= Atchafalaya Basin =

Largest wetland and swamp in the United States

A swamp in the Atchafalaya Basin

The Atchafalaya Basin, or Atchafalaya Swamp (/əˌtʃæfəˈlaɪə/; Louisiana French: Atchafalaya, /fr/), is the largest swamp wetland in the United States. Located in south central Louisiana, it is a combination of wetlands and river delta area where the Atchafalaya River and the Gulf of Mexico converge. The river stretches from near Simmesport in the north through parts of eight parishes to Morgan City in the south.

The Atchafalaya is different among Louisiana basins because it has a growing delta system (see illustration) with wetlands that are almost stable. The basin contains about 70% forest habitat and about 30% marsh and open water. It contains the largest contiguous block of forested wetlands remaining (about 35%) in the lower Mississippi River valley and the largest block of floodplain forest in the United States. Best known for its iconic cypress–tupelo swamps, at 260,000 acre, this block of forest represents the largest remaining contiguous tract of coastal cypress in the United States.

==Geographical features==

Time-lapse animation of basin from 1956 to 1993

The Atchafalaya Basin and the surrounding plain of the Atchafalaya River is filled with bayous, baldcypress swamps, and marshes, which give way to brackish estuarine conditions and end in the Spartina grass marshes where the Atchafalaya River meets the Gulf of Mexico. It includes the Lower Atchafalaya River, the Wax Lake outlet, Atchafalaya Bay, and the Atchafalaya River and bayous Chêne, Boeuf, and Black navigation channel.
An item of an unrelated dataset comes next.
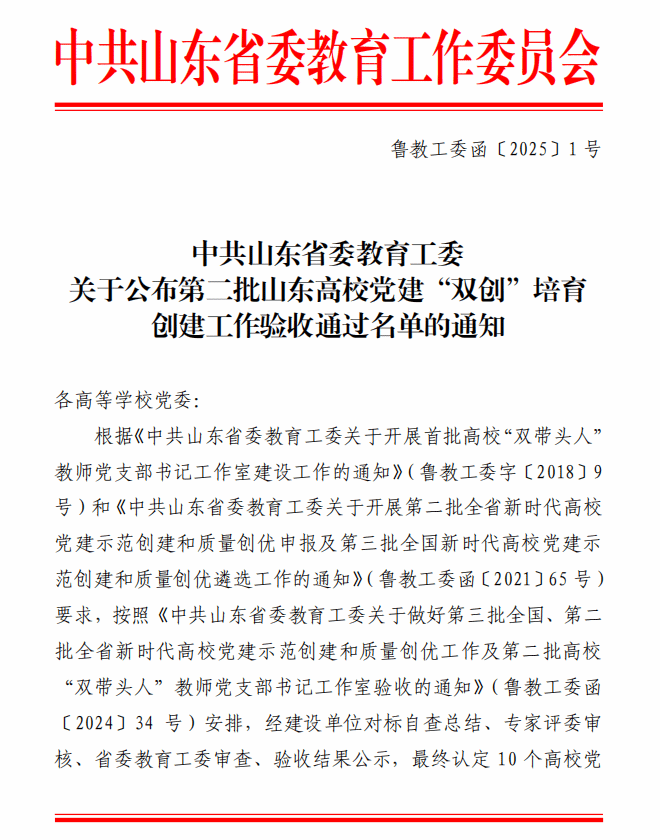 本站讯 近日,山东省委教育工委公布了第二批全省高校党建“双创”(党建工作示范高校、标杆院系、样板支部)培育创建单位验收结果,我校会计金融学院党总支以优异成绩通过验收,标志着学院党建工作再上新台阶。

The basin, which is susceptible to long periods of deep flooding, is sparsely inhabited. The basin is about 20 mi in width from east to west and 150 mi in length. The basin is the largest existing river swamp (or floodplain swamp) in the United States with an area of 1400000 acre, including the surrounding swamps outside of the levees that historically were connected to the basin. The basin contains nationally significant expanses of bottomland hardwoods, swamplands, bayous, and back-water lakes. The thousands of acres of forest and farmland are home to the Louisiana black bear (Ursus americanus luteolus), which has been on the United States Fish and Wildlife Service threatened list since 1992.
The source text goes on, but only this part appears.